→ Task goal:
Write out each record exactly and skip every image.

-- Supplied records follows --

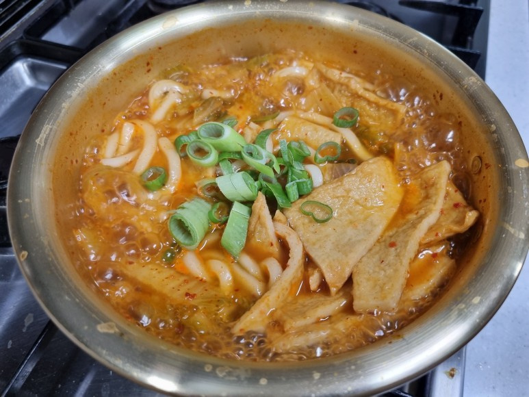 最後に、刻んだ長ネギを加え、ひと煮立ちさせたら火を止めます。うどんがちょうどよく茹で上がり、スープの味も整ったら完成です。ピリ辛で美味しいキムチうどんの出来上がり!
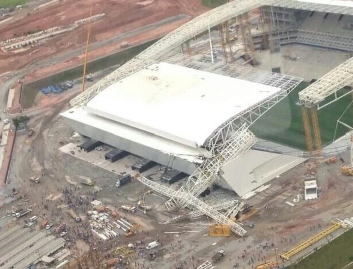 Além do acidente na Arena Corinthians, outras duas mortes foram registradas em obras de estádios que serão usados em jogos da Copa do Mundo de 2014. Em junho de 2012, o carpinteiro José Afonso de Oliveira Rodrigues, 21 anos, morreu ao cair de uma laje do Estádio Nacional de Brasília. Em março de 2013, o pedreiro Raimundo Nonato Lima Costa, 49 anos, morreu na construção do estádio de Manaus. Também foram registrados uma explosão na Arena da Baixada, em Curitiba no ano de 2012, e um princípio de incêndio na Arena Pantanal, em Cuiabá, em 2013. Simultaneamente, morreu Nilton Santos, considerado o maior lateral-direito da história do futebol. Mas, quando vivemos sem sonhar, não temos a consciência de que existimos. Então, vamos sonhar com o sucesso da Copa do Mundo.
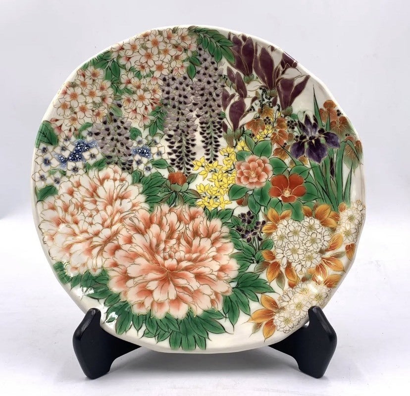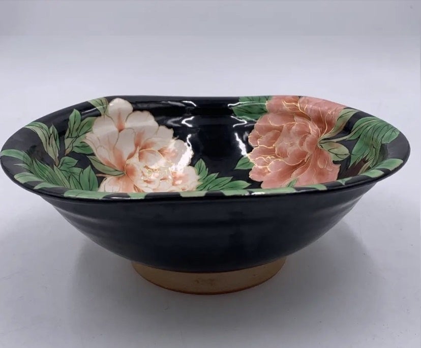 ■2万円【気軽に1点物 黒字に牡丹柄の華やかな器】
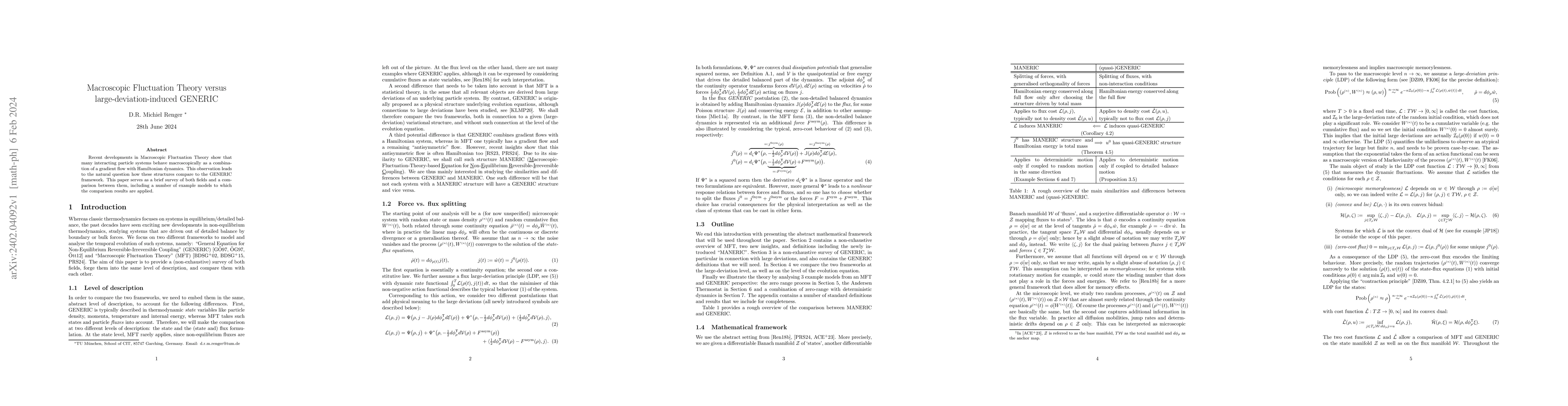 Recent developments in Macroscopic Fluctuation Theory show that many interacting particle systems behave macroscopically as a combination of a gradient flow with Hamiltonian dynamics. This observation leads to the natural question how these structures compare to the GENERIC framework. This paper serves as a brief survey of both fields and a comparison between them, including a number of example models to which the comparison results are applied.
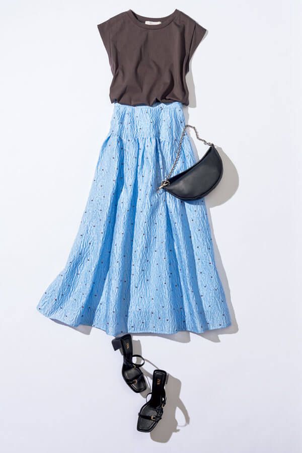 クールなグレーTも水色スカートなら清涼感たっぷり! チャコールグレーのTシャ ツでおしゃれ上級者感。ボトムで色を足すなら清楚なライ トブルーが辛口になりすぎずフェミニン派におすすめ!
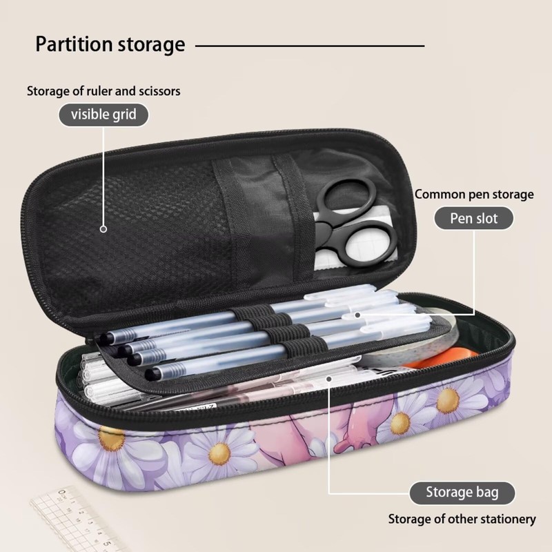 - Compartments Design: 1 visible grid, 4 pen slot, 1 storage bag. The special compartments design of pencil pouch is eazy to separate and organize your different items.
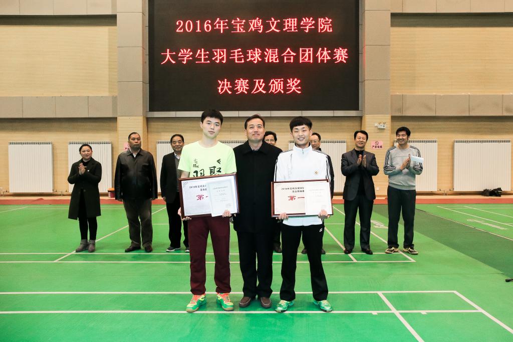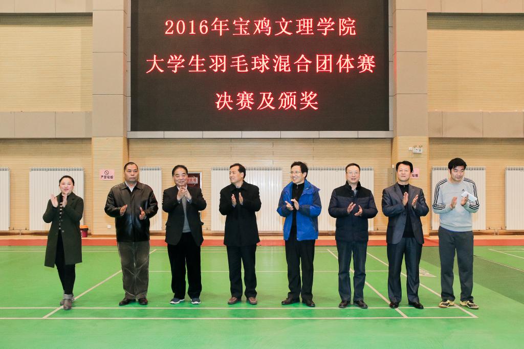 11月28日至12月2日,由教务处主办、体育系承办的2016年宝鸡文理学院大学生羽毛球混合团体赛在体育馆隆重举行。副校长杨子元,机关党委书记、系负责人强晓艺,体育系党总支书记刘崇学、电子电气工程学院党总支书记张小龙,历史与文化旅游系党总支副书记康少峰,地理与环境学院党总支副书记于建伟,美术学院党总支副书记官丽萍等出席闭幕式并为获奖代表队颁奖。
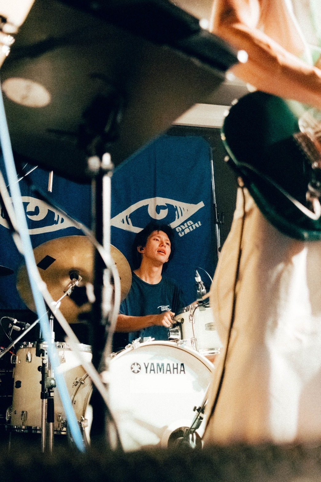ライブも後半に差し掛かり、ながたは「東京で出会った仲間を呼んで自主企画を始めました。この先も続けていけたら」とこの企画の発端を話す。このタイミングでDNA GAINZに自主企画が必要だった理由とは、先刻の「巣ニナル」で宣言されたように東京に巣を作っていくためであると同時に、この数カ月で築いた相思相愛の関係を噛み締めるためだったのではないか。パイプオルガンをイメージさせる荘厳なイタガキタツヤ(Gt)のギターが印象的な「ラフラブ」は、<今ここにいる人たちへのフィーリング 何が伝わる何で伝える>と不可視の愛や歓喜を身体的な踊りを通じて獲得せんとした試みであり、それはこのイベントが誕生したバックグラウンドとも重なる。彼らが提唱し続けてきた踊りとは、心が弾んだ際に思わず飛び出してしまったスキップやついつい歌ってしまった鼻歌みたいな、ハッピーを体現するための原初的な行為であるが、私たちが踊るためには好きだと思える人たちと生活を謳歌しなくてはならない。「俺はここにいる」と証明するために自らに指を突き立てたながたをはじめ、思い思いの風姿で舞台を踏みしめる4人は、そんなバンドのメッセージを佇まいから背負っていた。
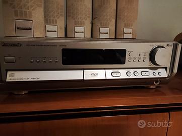 Sistema home cinema, home theater con lettore DVD a 5 DVD. Dolby digital Surround 5.1 e sintoamplificatore radio am ed fm. 178W. Telecomando presente ma non funzionante.
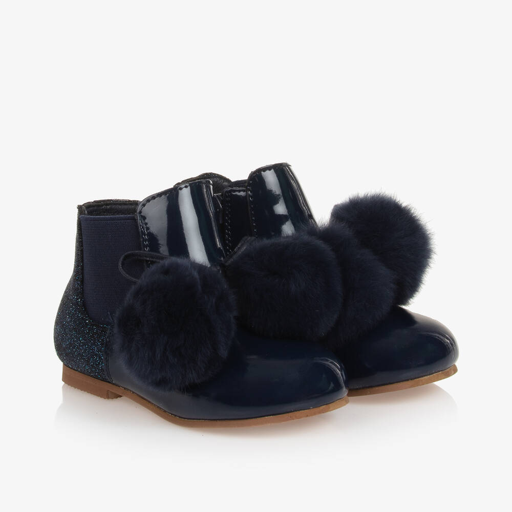 Sweet navy blue boots for girls by Beau KiD, made in soft patent leather. Lined with a cosy plush insole, these smart shoes have a glittery back and oversized plush pom poms on the front. The outer sole helps with grip, and they fasten with a smooth zip on the side for easy dressing.

-- Supplied records concluded --

→ Answer space:
 最後に、刻んだ長ネギを加え、ひと煮立ちさせたら火を止めます。うどんがちょうどよく茹で上がり、スープの味も整ったら完成です。ピリ辛で美味しいキムチうどんの出来上がり!
 Além do acidente na Arena Corinthians, outras duas mortes foram registradas em obras de estádios que serão usados em jogos da Copa do Mundo de 2014. Em junho de 2012, o carpinteiro José Afonso de Oliveira Rodrigues, 21 anos, morreu ao cair de uma laje do Estádio Nacional de Brasília. Em março de 2013, o pedreiro Raimundo Nonato Lima Costa, 49 anos, morreu na construção do estádio de Manaus. Também foram registrados uma explosão na Arena da Baixada, em Curitiba no ano de 2012, e um princípio de incêndio na Arena Pantanal, em Cuiabá, em 2013. Simultaneamente, morreu Nilton Santos, considerado o maior lateral-direito da história do futebol. Mas, quando vivemos sem sonhar, não temos a consciência de que existimos. Então, vamos sonhar com o sucesso da Copa do Mundo.
 ■2万円【気軽に1点物 黒字に牡丹柄の華やかな器】
 Recent developments in Macroscopic Fluctuation Theory show that many interacting particle systems behave macroscopically as a combination of a gradient flow with Hamiltonian dynamics. This observation leads to the natural question how these structures compare to the GENERIC framework. This paper serves as a brief survey of both fields and a comparison between them, including a number of example models to which the comparison results are applied.
 クールなグレーTも水色スカートなら清涼感たっぷり! チャコールグレーのTシャ ツでおしゃれ上級者感。ボトムで色を足すなら清楚なライ トブルーが辛口になりすぎずフェミニン派におすすめ!
 - Compartments Design: 1 visible grid, 4 pen slot, 1 storage bag. The special compartments design of pencil pouch is eazy to separate and organize your different items.
 11月28日至12月2日,由教务处主办、体育系承办的2016年宝鸡文理学院大学生羽毛球混合团体赛在体育馆隆重举行。副校长杨子元,机关党委书记、系负责人强晓艺,体育系党总支书记刘崇学、电子电气工程学院党总支书记张小龙,历史与文化旅游系党总支副书记康少峰,地理与环境学院党总支副书记于建伟,美术学院党总支副书记官丽萍等出席闭幕式并为获奖代表队颁奖。
ライブも後半に差し掛かり、ながたは「東京で出会った仲間を呼んで自主企画を始めました。この先も続けていけたら」とこの企画の発端を話す。このタイミングでDNA GAINZに自主企画が必要だった理由とは、先刻の「巣ニナル」で宣言されたように東京に巣を作っていくためであると同時に、この数カ月で築いた相思相愛の関係を噛み締めるためだったのではないか。パイプオルガンをイメージさせる荘厳なイタガキタツヤ(Gt)のギターが印象的な「ラフラブ」は、<今ここにいる人たちへのフィーリング 何が伝わる何で伝える>と不可視の愛や歓喜を身体的な踊りを通じて獲得せんとした試みであり、それはこのイベントが誕生したバックグラウンドとも重なる。彼らが提唱し続けてきた踊りとは、心が弾んだ際に思わず飛び出してしまったスキップやついつい歌ってしまった鼻歌みたいな、ハッピーを体現するための原初的な行為であるが、私たちが踊るためには好きだと思える人たちと生活を謳歌しなくてはならない。「俺はここにいる」と証明するために自らに指を突き立てたながたをはじめ、思い思いの風姿で舞台を踏みしめる4人は、そんなバンドのメッセージを佇まいから背負っていた。
 Sistema home cinema, home theater con lettore DVD a 5 DVD. Dolby digital Surround 5.1 e sintoamplificatore radio am ed fm. 178W. Telecomando presente ma non funzionante.
 Sweet navy blue boots for girls by Beau KiD, made in soft patent leather. Lined with a cosy plush insole, these smart shoes have a glittery back and oversized plush pom poms on the front. The outer sole helps with grip, and they fasten with a smooth zip on the side for easy dressing.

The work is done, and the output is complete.